Des fondamentaux contrastés
Malgré cet optimisme, les fondamentaux des entreprises cotées restent hétérogènes. Si certaines affichent des croissances solides, d'autres souffrent de la concurrence informelle ou de la volatilité des changes. Par ailleurs, la capitalisation boursière de la BRVM demeure modeste en comparaison du PIB régional, et le nombre de sociétés cotées est limité, ce qui restreint les possibilités de diversification. Les investisseurs doivent également composer avec une gouvernance d'entreprise perfectible et une transparence parfois insuffisante.
Les défis de la liquidité et de la profondeur
La liquidité reste le principal défi des marchés ouest-africains. Les volumes échangés sont souvent faibles, et quelques valeurs concentrent l'essentiel des transactions. Cette situation peut dissuader les investisseurs institutionnels, qui recherchent des positions de taille sans impact excessif sur les cours. Pour y remédier, les autorités de régulation encouragent l'introduction en bourse de nouvelles entreprises, notamment dans les télécommunications et les services financiers. Mais ces efforts prennent du temps, et la profondeur du marché demeure insuffisante pour attirer des flux massifs.

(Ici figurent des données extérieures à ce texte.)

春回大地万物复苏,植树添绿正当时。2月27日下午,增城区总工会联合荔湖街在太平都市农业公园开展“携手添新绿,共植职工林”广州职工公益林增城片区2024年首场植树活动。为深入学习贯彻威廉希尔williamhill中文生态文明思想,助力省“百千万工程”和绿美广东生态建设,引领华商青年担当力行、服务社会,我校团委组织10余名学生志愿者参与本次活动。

Une évolution dans le temps
L'engouement actuel s'inscrit dans une tendance de fond observée depuis plusieurs années. Déjà en 2024, la BRVM avait enregistré des records de levées de fonds, et le Nigeria avait vu son indice phare progresser de plus de 20 %. Cette trajectoire ascendante est confortée par les réformes macroéconomiques, telles que l'harmonisation des politiques monétaires dans l'UEMOA et les efforts de diversification économique au Nigeria. Toutefois, les chocs externes, comme la fluctuation des cours des matières premières ou les tensions géopolitiques, rappellent la vulnérabilité de ces marchés.

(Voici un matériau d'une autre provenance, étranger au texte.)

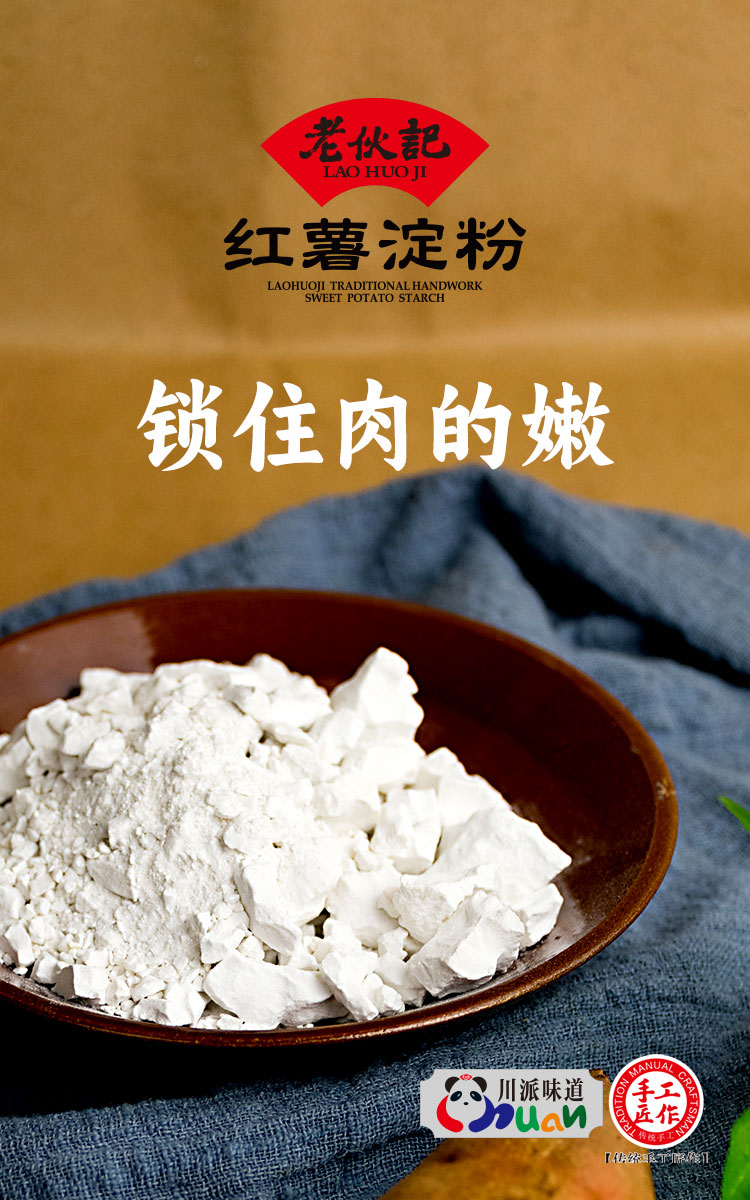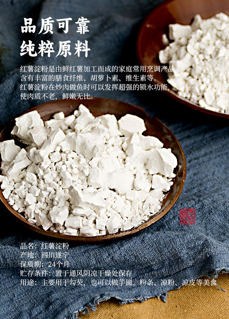 红薯淀粉是由鲜红薯加工而成的家庭常用烹调产品,含丰富的膳食纤维、胡萝卜素、维生素等,红薯淀粉在炒肉做鱼时可以发挥超强的锁水功能,使肉质不老,鲜嫩无比。

La montée en puissance des marchés boursiers ouest-africains s'explique par une conjonction de facteurs : croissance économique, amélioration de l'environnement des affaires, et intérêt renouvelé des investisseurs. Mais elle se heurte à des limites structurelles, notamment en termes de liquidité et de diversité des émetteurs. Alors que la région s'intègre économiquement et que des projets majeurs dans l'énergie et les infrastructures se concrétisent, ces bourses pourraient jouer un rôle croissant dans le financement du développement. Toutefois, leur capacité à attirer des capitaux durables dépendra de leur aptitude à offrir des opportunités transparentes et liquides, dans un environnement où l'orpaillage illégal Burkina Faso Mali et d'autres activités informelles continuent de drainer des ressources hors des circuits officiels.

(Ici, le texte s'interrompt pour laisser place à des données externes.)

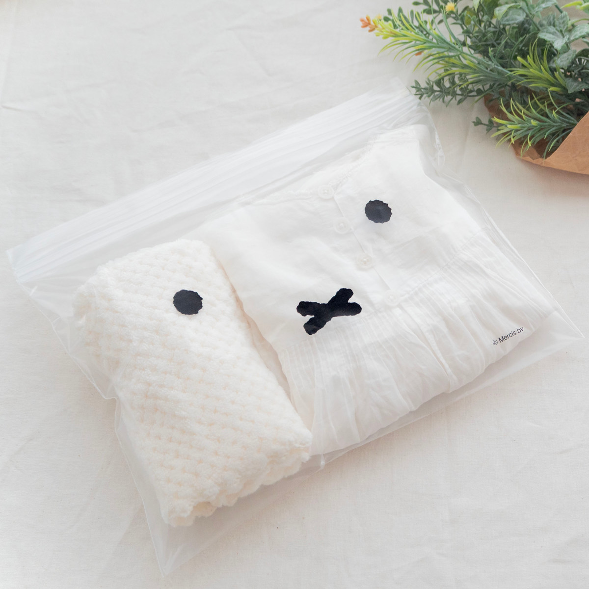 ミッフィーのお顔がプリントされた、シンプルで使いやすい保存袋です。透明なので中身がひと目でわかり、すっきり整理できます。

Au-delà des chiffres, l'essor des bourses ouest-africaines reflète une transformation profonde des économies de la région, qui cherchent à diversifier leurs sources de financement. Alors que les marchés mondiaux restent incertains, l'Afrique de l'Ouest pourrait devenir un pôle d'attraction pour les capitaux en quête de rendement, à condition de surmonter ses fragilités institutionnelles. L'évolution des prochains mois sera déterminante pour confirmer cette tendance et mesurer sa capacité à bénéficier à l'ensemble des acteurs économiques.